> [Work item] Your output should be the lines from the one with "COSTA DEL SOL" through the last line of the records below, exactly as written, minus the pictures.

> [Records provided]
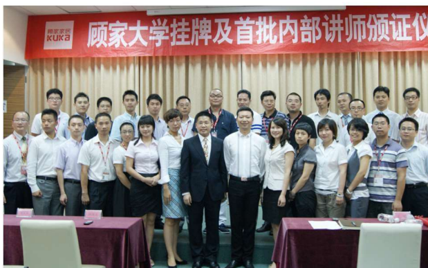
顾家大学首批内部讲师颁证仪式
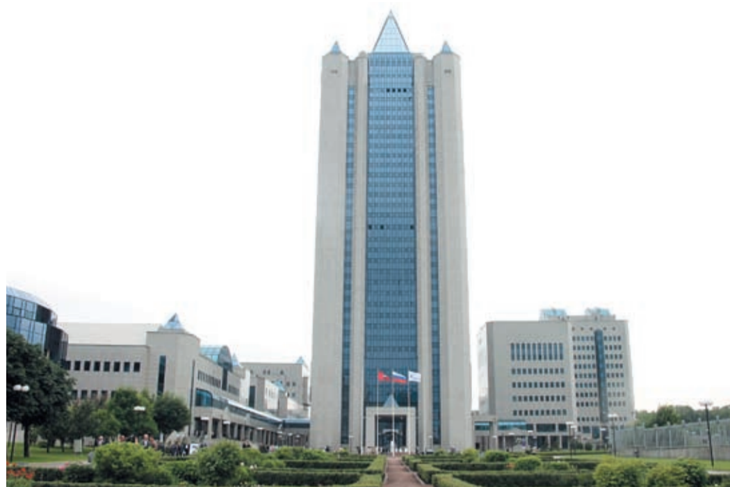
Центральный офис ОАО «Газпром»

Соглашение о сотрудничестве между ОАО «Газпром» и Администрацией Алтайского края было заключено в 2004 году и пролон-
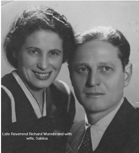
Late Reverend Richard Wurmbrand with wife, Sabina

Ajutăm orfani și creștini în vârstă (mulți cu vârste peste 80, 90 de ani) care au fost închiși pentru credință în actuale și foste țări comuniste. În aceste momente critice ajutăm refugiați creștini din Ucraina!
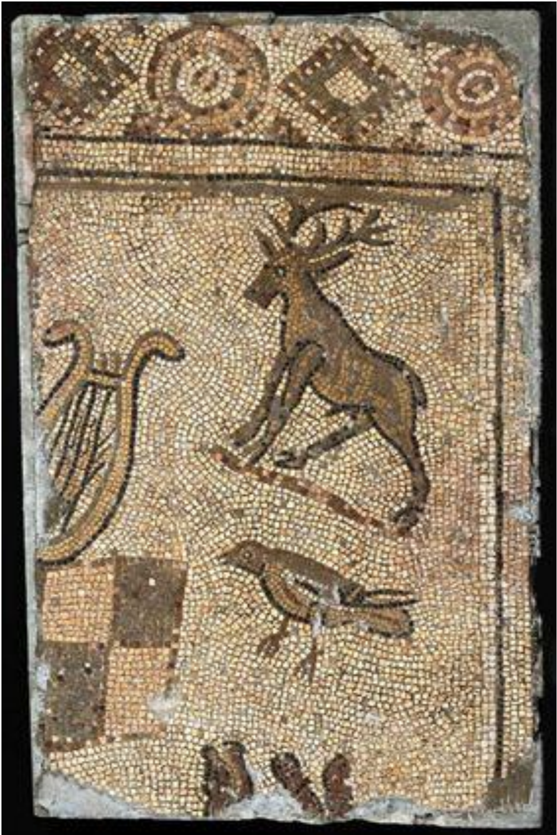
Fig. 10 – Mosaico da villa de Martim Gil. Pormenor da lira de Orfeu e dois animais.
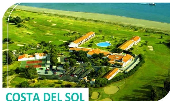
COSTA DEL SOL
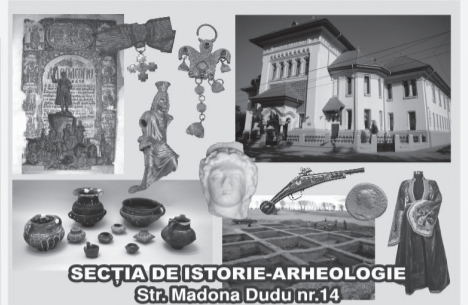
SECȚIA DE ISTORIE-ARHEOLOGIE Str. Madona Dudu nr.14

> [Answer below]
COSTA DEL SOL
SECȚIA DE ISTORIE-ARHEOLOGIE Str. Madona Dudu nr.14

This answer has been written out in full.